Augustana Observer

Augustana Observer

Augustana Observer

Feeling the rhythm with ADAAWE

Ngan Vu
From left to right, The “International Women of the Drum and Voice,” members Phylliss Bailey Brooks, Bridget Graham and Joselyn Wilkinson perform in the Centennial Hall on Oct. 7.

On Saturday Oct. 7, fusion band ADAAWE hit the stage at Augustana with a blend of West African roots, American funk and gospel harmonies. The performance was open to students and their families as well as to the general public. 

ADAAWE’s goal is to inspire and bring positivity to the crowds they perform for, making their music full of meaning so that audiences can not only enjoy the rhythm, but become joyful from it.

Bridget Graham, singer and performer, said there is a lot of meaning behind the music created by the group.

“We are very inspired by music that really has meaning,” Graham said. “There’s so much going on in the world, so we do whatever we can to uplift our audiences.”

The group focuses on bringing unity with music and creating a community within every audience they perform for. 

ADAAWE is a group of all female performers from around the world, including Kenya, Israel, Panama, Morocco and areas across the United States. They have performed in schools as well as different festivals and events all over the country.

“[We meet] through African dancing and drumming communities, different musical groups and church,” Joselyn Wilkinson, vocalist and musician, said. “We’ve become a sisterhood over the years,”

Anindo Marshall, vocal choreographer, educator and dancer, said the group efficiently brings people together.

“We all come from different parts of the world and we want to bring the world together through music,” Marshall said. “We felt that if we were from all different places in the world, we can touch people from all over the world in a positive way.”

The band’s music is created by using a variety of different instruments from both African and Western culture.

Dez Glover, musician and vocalist, said the many instruments they use help to make the vibrant music performance possible. 

“We use drums mainly,” Glover said. “It’s heavily percussion based so we use dunduns and double iron bells quite often.”

The journey to Augustana was made possible by the Quad Cities Arts Center, as they began their performances for the year with ADAAWE. The show at Augustana was the last of a full week touring schools in the Quad Cities area for ADAAWE. 

Kevin Maynard, member of the Quad Cities Arts, spoke highly of the group’s shows and their influence on crowds they’ve performed for.

“They engage with the students they perform for, and it’s a lot of energy,” Maynard said. “It just made me so happy and so joyous to hear.” 

The group has worked with nearly 3,800 students over the past week, taking great pride and pleasure in educating them with music and creating harmony between the children. 

“It’s really important for kids to get in touch with rhythm, get in tune with the foundation of music and finding the music inside of them,” Wilkinson said.

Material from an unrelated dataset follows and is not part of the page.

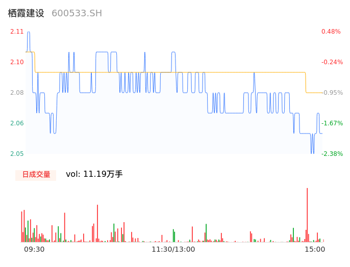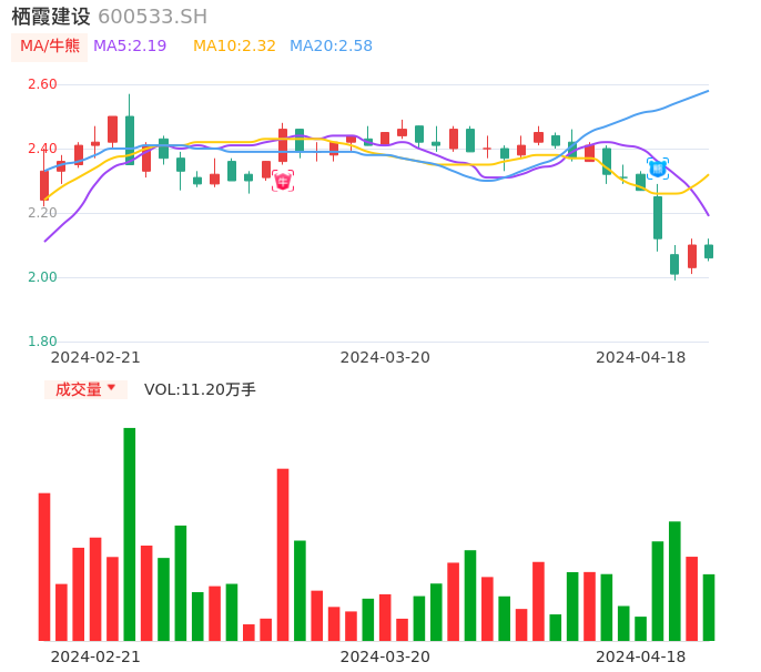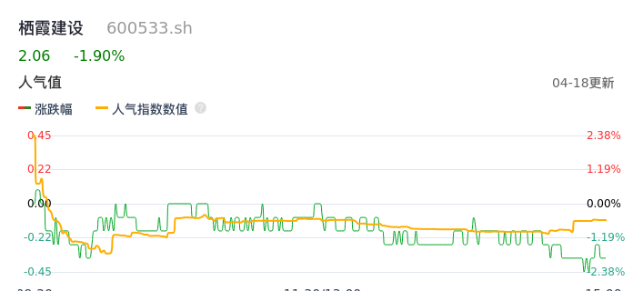 04月18日,栖霞建设收报2.06,股价涨幅-1.90%,成交金额2332.08万元,换手率1.07%。

Monique Afenjar, vocalist and dancer, said the experience of performing in front of children has been a unique one. 

“They take everything in,” Afenjar said. “They show you that there is so much love and whatever we feed them, they feed it back to us.”

Children throughout the schools have not been the only ones to enjoy the music of ADAAWE, and at the Saturday performance, the floor was alive with energy and joy.

Renee Holloway, First-Year, attended the concert and was moved by the rhythm.

“The music just made you want to dance,” Holloway said. “Just naturally, like without even being pushed. You were dancing in your seat.”